What could be simpler than a single people worshiping a single God for more than 3,000 years? But Judaism is far from simple, and as a religion, culture, and civilization, it has evolved in surprising ways during its lengthy and remarkable history. Consider the following:

  • Although Judaism is defined by its worship of one God, it was not always a pure monotheism. In I Kings 8, King Solomon addresses the Lord by saying, "There is no God like You," suggesting that the Israelites recognized the existence of other gods.
  • The practice of Judaism was focused on animal sacrifice until the destruction of the Second Temple by the Romans in the 1st century, which forced a radically new approach to worship.
  • The political emancipation of the Jews in 18th-century Europe transformed a 1,000-year-old style of Jewish life. "You can’t find an expression of Judaism today that is just like [the way] Jews lived 300 years ago," says Professor Shai Cherry.

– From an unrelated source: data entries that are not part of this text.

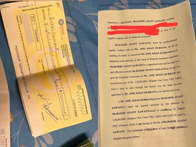 या प्रकरणात राखी सावंतने आपल्या इन्स्टाग्राम अकाउंटवर काही चेकचे फोटो शेअर केले आहेत जे तिच्या नावावर होते. मात्र त्यांच्यावर आदिल खान दुर्रानीने सही केली होती.
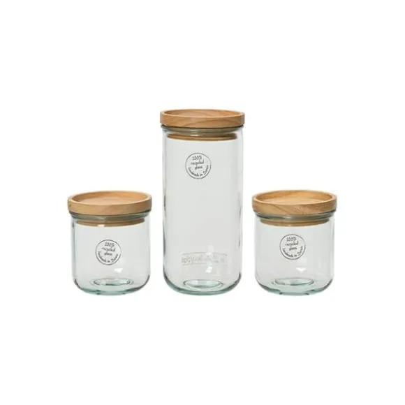 Set med 3 förvaringsburkar i 100 % återvunnet glas 869702 i olika storlekar och med lock i
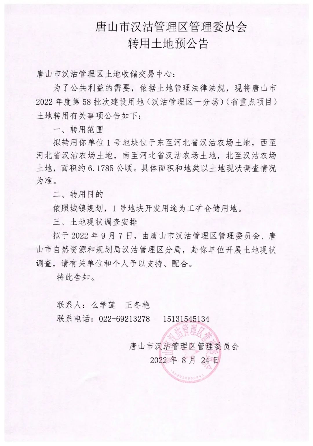 58批次转用范围、面积:1号地块位于东至河北省汉沽农场土地,西至河北省汉沽农场土地,南至河北省汉沽农场土地,北至汉沽农场土地,面积约6.1785公顷。
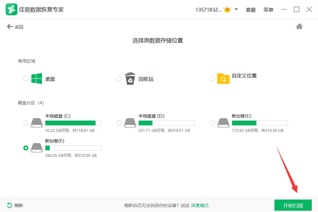 2、然后選擇刪除文件的原存儲位置,選好點擊“開始掃描”。
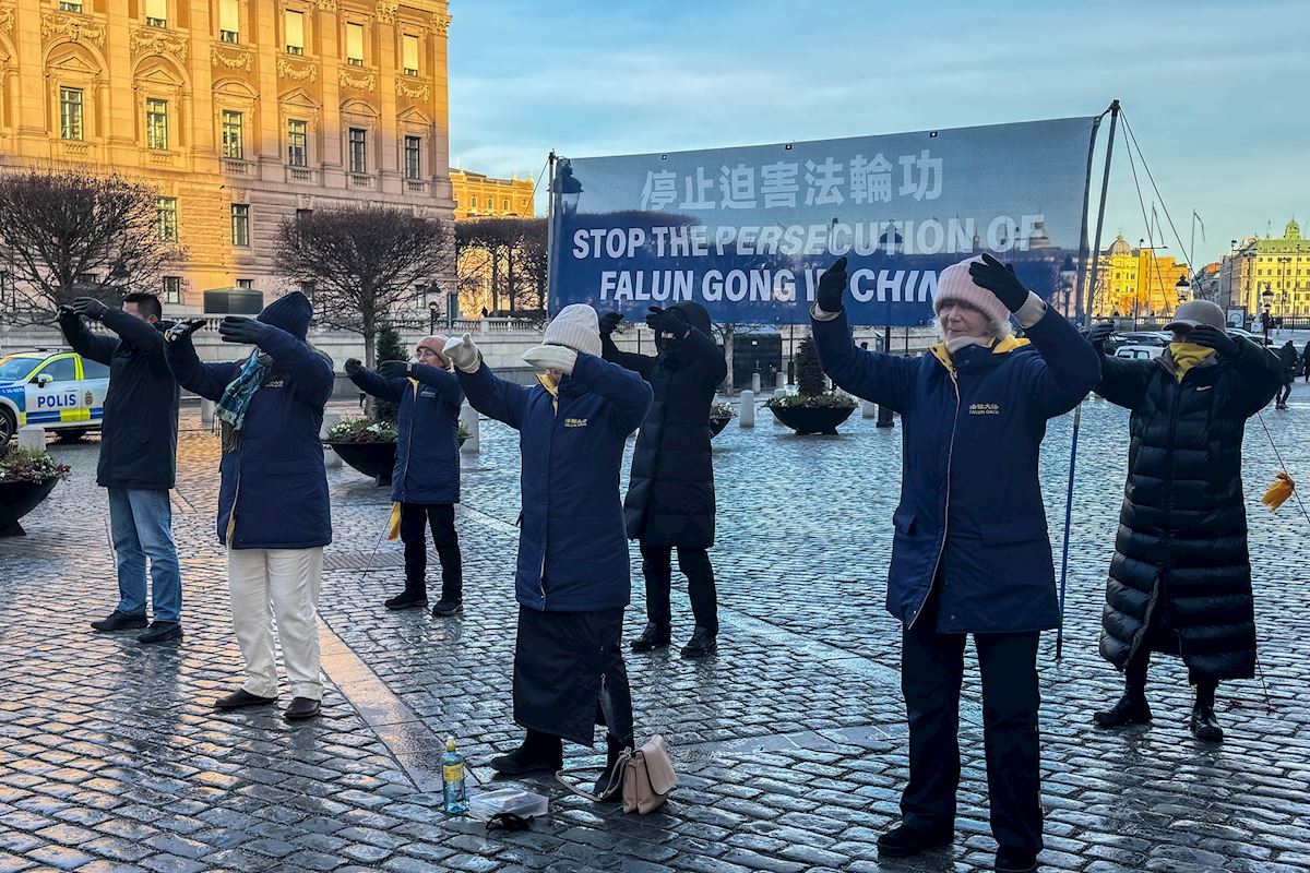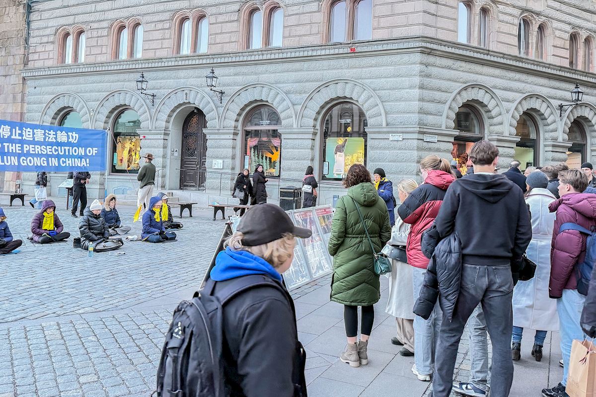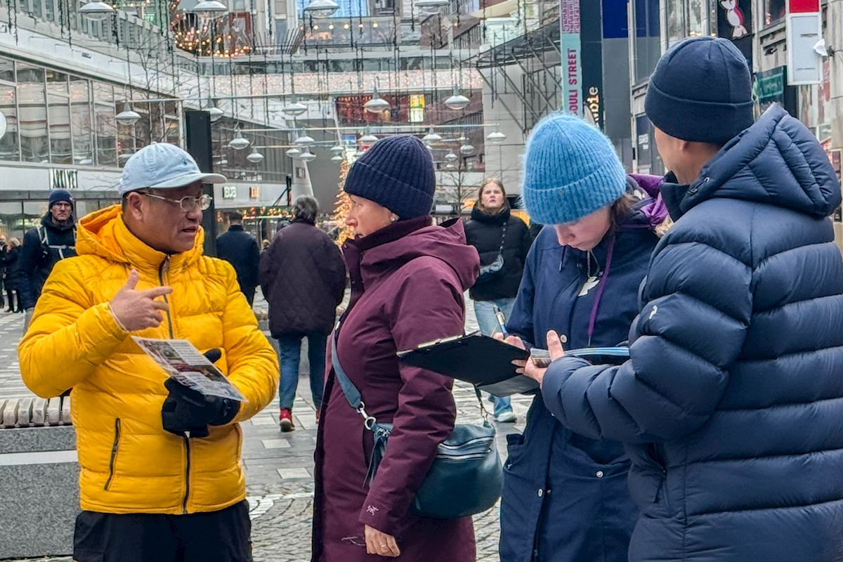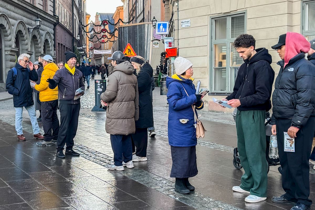 二零二五年十二月份每個週五和週六下午,法輪功學員分別在斯德哥爾摩最熱鬧的皇宮旁的錢幣廣場、著名的斯德哥爾摩音樂廳旁舉辦了法輪功功法演示、講真相和徵簽活動。他們希望借助這個特殊的時刻,向更多人揭露中共對大陸法輪功學員的迫害和企圖延伸至海外跨國鎮壓的罪行。
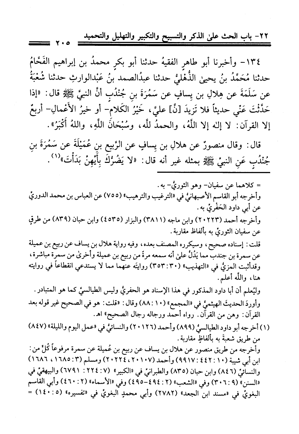 134 - وَأَخْبَرَنَا أَبُو طَاهِرٍ الْفَقِيهُ، أَخْبَرَنَا أَبُو بَكْرٍ مُحَمَّدُ بْنُ إِبْرَاهِيمَ الْفَحَّامُ، حَدَّثَنَا مُحَمَّدُ بْنُ يَحْيَى الذُّهْلِيُّ، حَدَّثَنَا عَبْدُ الصَّمَدِ بْنُ عَبْدِ الْوَارِثِ، حَدَّثَنَا شُعْبَةُ، عَنْ سَلَمَةَ، عَنْ هِلَالِ بْنِ يَسَافٍ، عَنْ سَمُرَةَ بْنِ جُنْدُبٍ، أَنَّ النَّبِيَّ صَلَّى اللهُ عَلَيْهِ وَسَلَّمَ قَالَ: " §إِذَا حَدَّثْتَ عَنِّي حَدِيثًا فَلَا تَزِيدَنَّ عَلَيَّ، خَيْرُ الْكَلَامِ، أَوْ خَيْرُ الْأَعْمَالِ أَرْبَعٌ إِلَّا الْقُرْآنَ: لَا إِلَهَ إِلَّا اللَّهُ، وَالْحَمْدُ لِلَّهِ، وَسُبْحَانَ اللَّهِ، وَاللَّهُ أَكْبَرُ " قَالَ: وَقَالَ مَنْصُورٌ، عَنْ هِلَالِ بْنِ يَسَافٍ، عَنْ رَبِيعِ بْنِ عَمِيلَةَ، عَنْ سَمُرَةَ بْنِ جُنْدُبٍ، عَنِ النَّبِيِّ صَلَّى اللهُ عَلَيْهِ وَسَلَّمَ بِمِثْلِهِ غَيْرَ أَنَّهُ قَالَ: «لَا يَضُرُّكُ بِأَيِّهِنَّ بَدَأْتَ»

Yet for all it has changed, Judaism has maintained unbroken ties to a foundation text, an ethnicity, a set of rituals and holidays, and a land.

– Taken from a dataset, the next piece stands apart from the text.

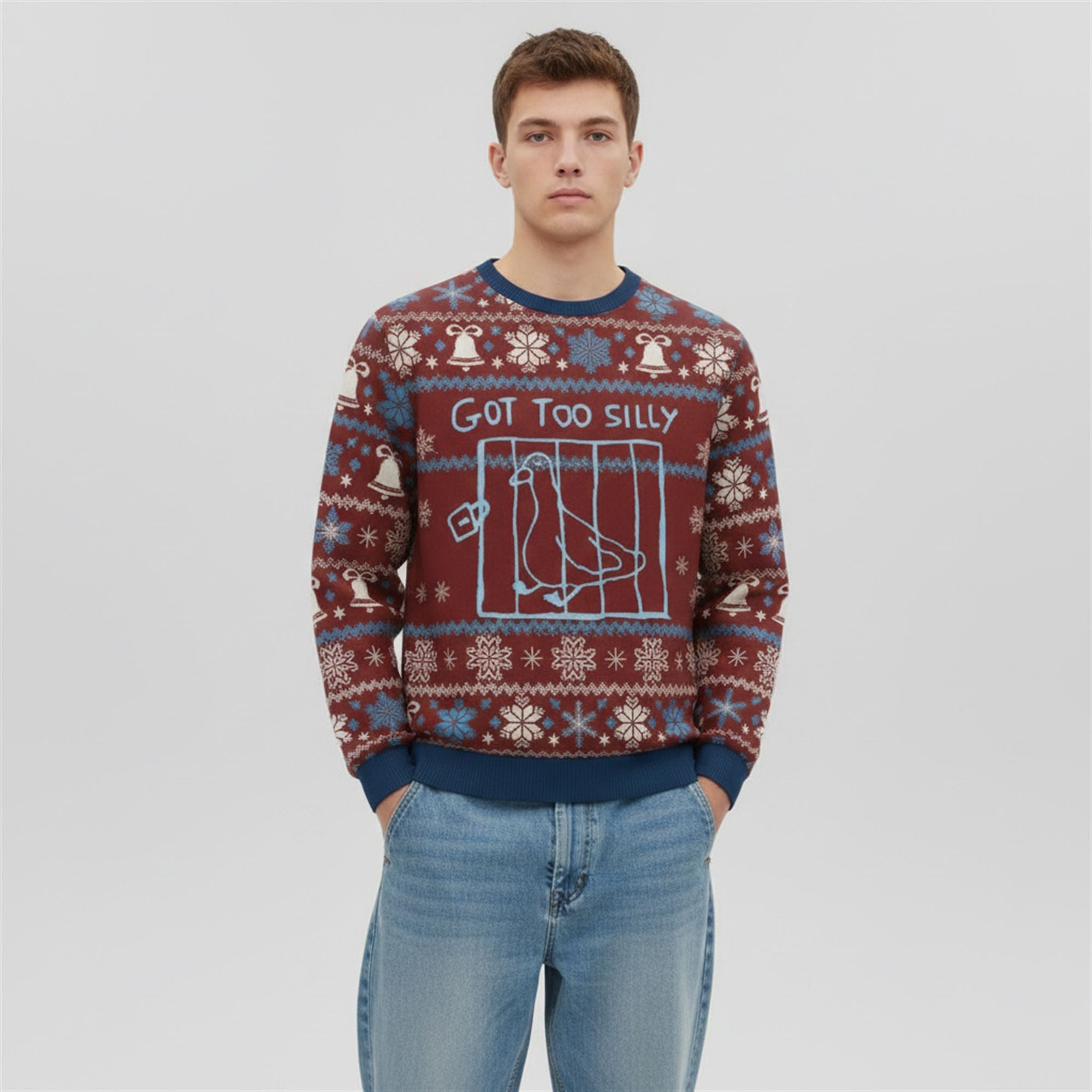 The sweater is the perfect fusion of comfort, tradition, and absurdist humor. Designed for the 2025 holiday season, this sweater features a rich, deep burgundy background reminiscent of classic winter apparel. The design is framed by intricate, light blue and white Fair Isle patterns, boasting rows of festive snowflakes, geometric zig-zags, and ringing holiday bells.
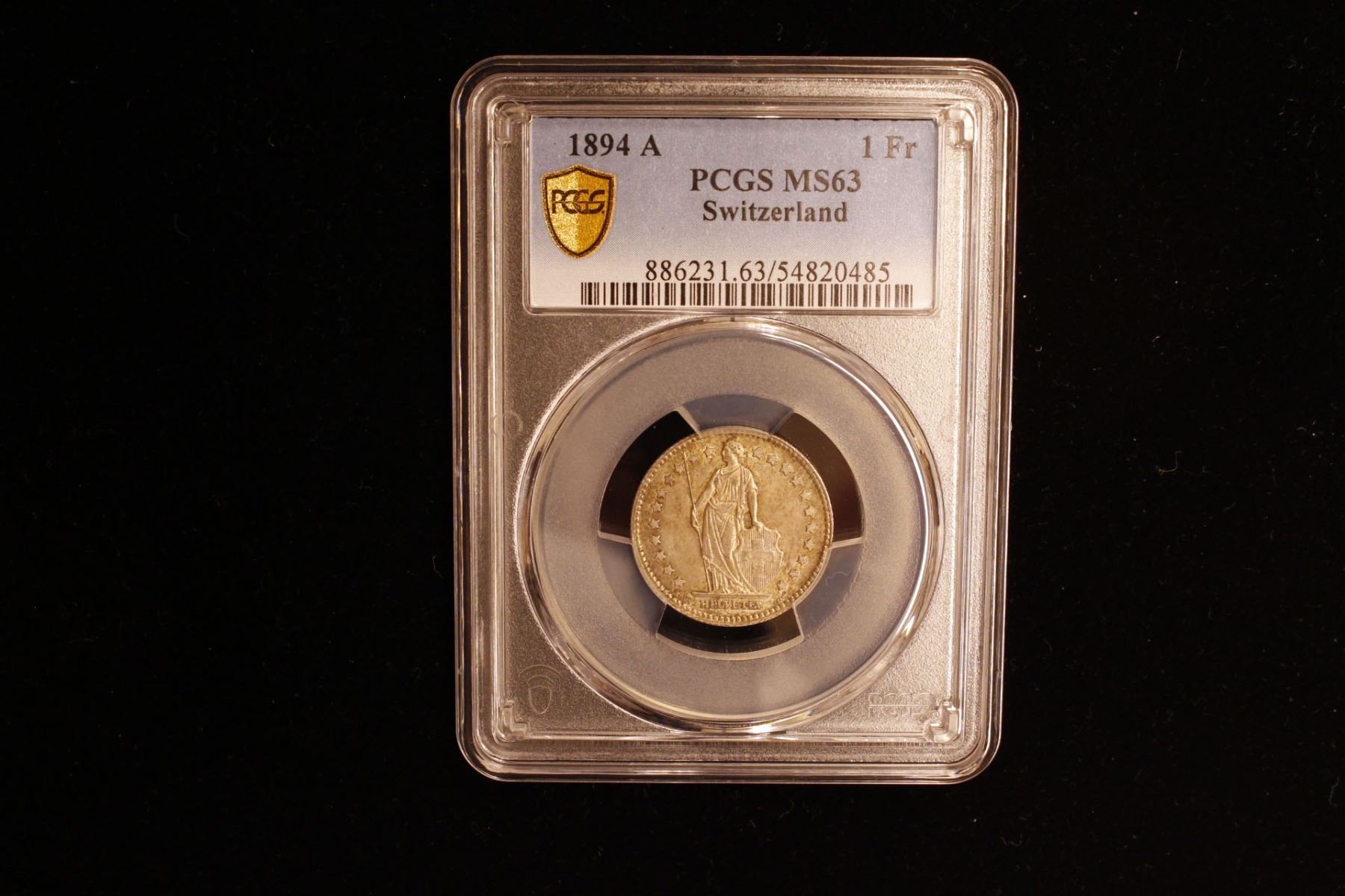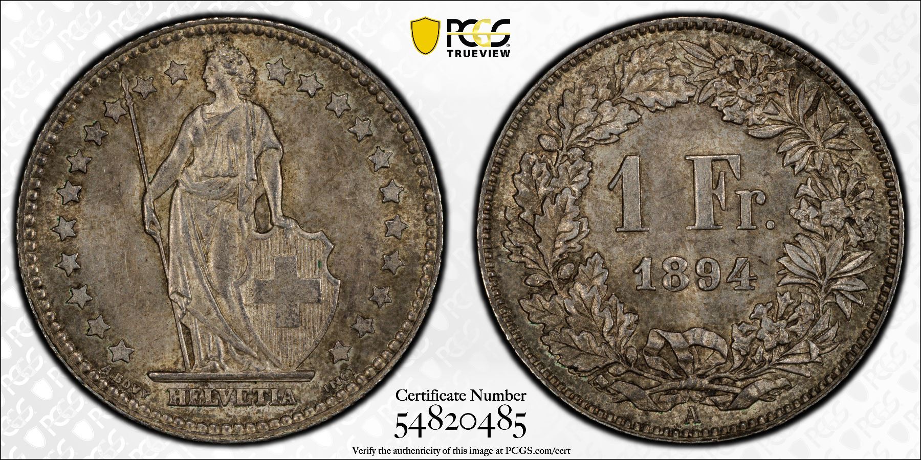 SWITZERLAND: Confederation, AR franc, 1894, KM-24, a lovely example, PCGS graded MS63.

A Journey of Religious Discovery

In these 24 lectures, Professor Cherry explores the rich religious heritage of Judaism from biblical times to today.

He introduces you to the written Torah, and you learn about the oral Torah, called the Mishnah (which was also later written down), and its commentary, the Gemara. And you discover how the Mishnah and Gemara comprise the Talmud, and how they differ from another form of commentary called Midrash.

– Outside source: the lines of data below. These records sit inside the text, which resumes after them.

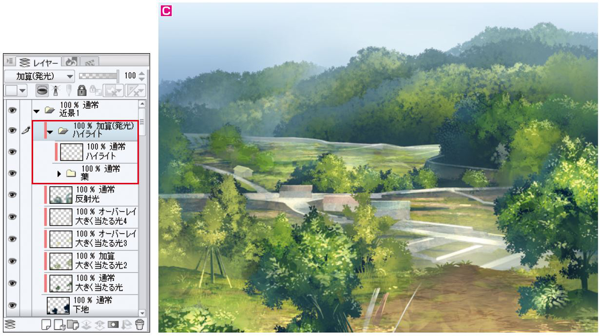 A 各レイヤーフォルダーの一番上に「加算(発光)」のレイヤーフォルダーを作成し、その中に細かい部位ごとのレイヤーを作成しながらハイライトを入れていく。近景や視線を集めたい部分を重点的にハイライトを入れていくが、ただ明るくするだけでなく、葉などの細かい形も表現していく。
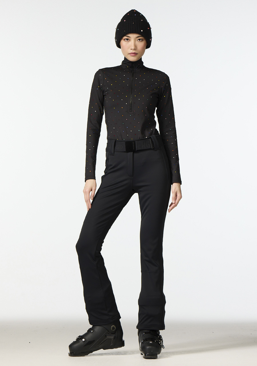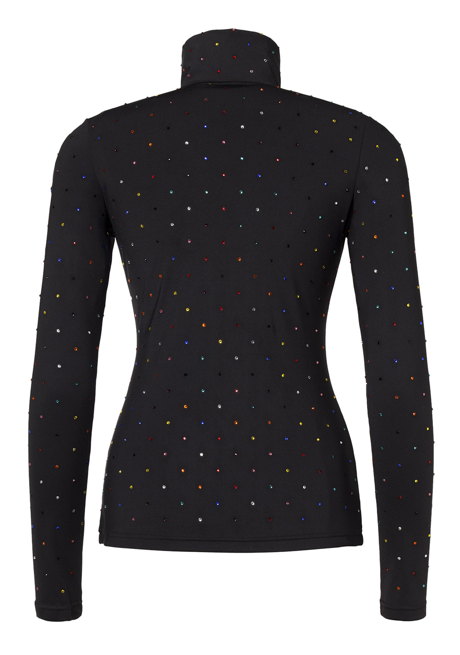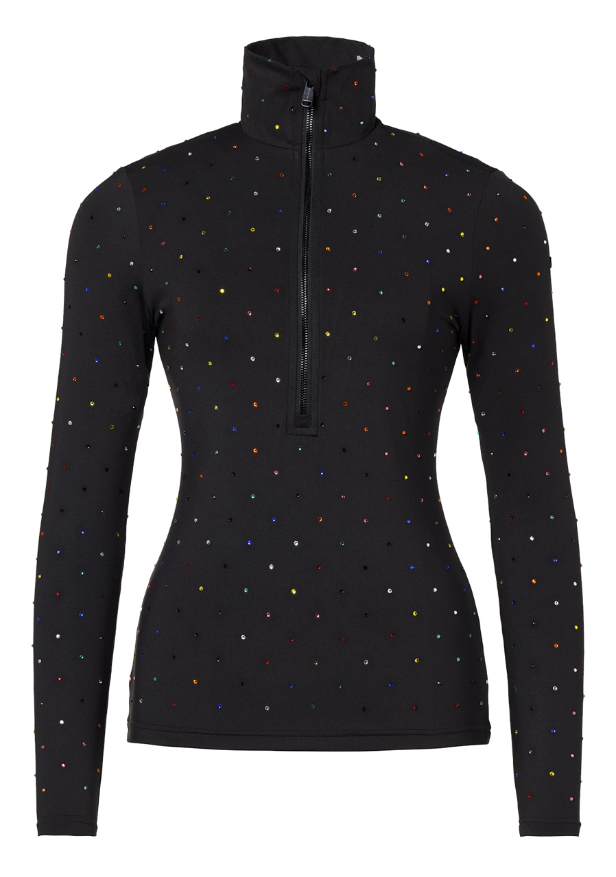 This slim-fit top is crafted from powerstretch material with a soft brushed interior that ensures maximum comfort. The extended half-zip and narrow stand-up collar add a sporty touch, while the all-over colorful strass detailing brings a unique and luxurious finish. With functional features such as quick-drying properties, moisture management, and anti-odor treatment, it is the perfect companion for both winter sports and leisure time.
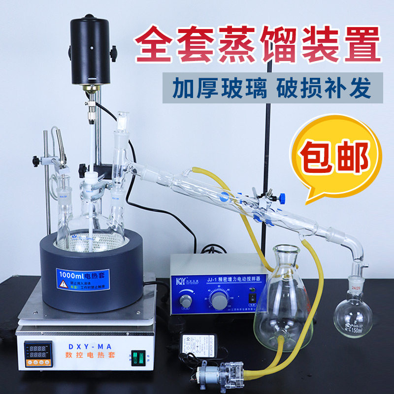 📚 玻璃冷凝蒸馏装置实验室水泵回流萃取提纯冷凝循环装置 1000ml500

He teaches you about the three pillars of the world defined more than 2,000 years ago by Shimon the Righteous: Torah, worship, and deeds of loving kindness.

He takes you through the calendar of Jewish holidays, from the most important, the Sabbath, to the key holidays of Rosh Hashanah, Yom Kippur, Passover, and Pentecost (Shavuot); and to historically minor celebrations such as Channukah, which is now a more visible holiday.

You also learn about the origins and attributes of the different Jewish movements that formed in the wake of Emancipation in the late 1700s and the resulting full emergence of Judaism into Western society. These include the Reform, Conservative, Modern Orthodox, and Reconstructionist movements.

"Although Jewish history is not one long tale of travails," says Professor Cherry, "there have been several catastrophes that powerfully shaped the Jewish consciousness." He includes discussions of the impact on Jewish thought of the Babylonian exile and the destruction of the Second Temple in antiquity, and the Holocaust in the 20th century.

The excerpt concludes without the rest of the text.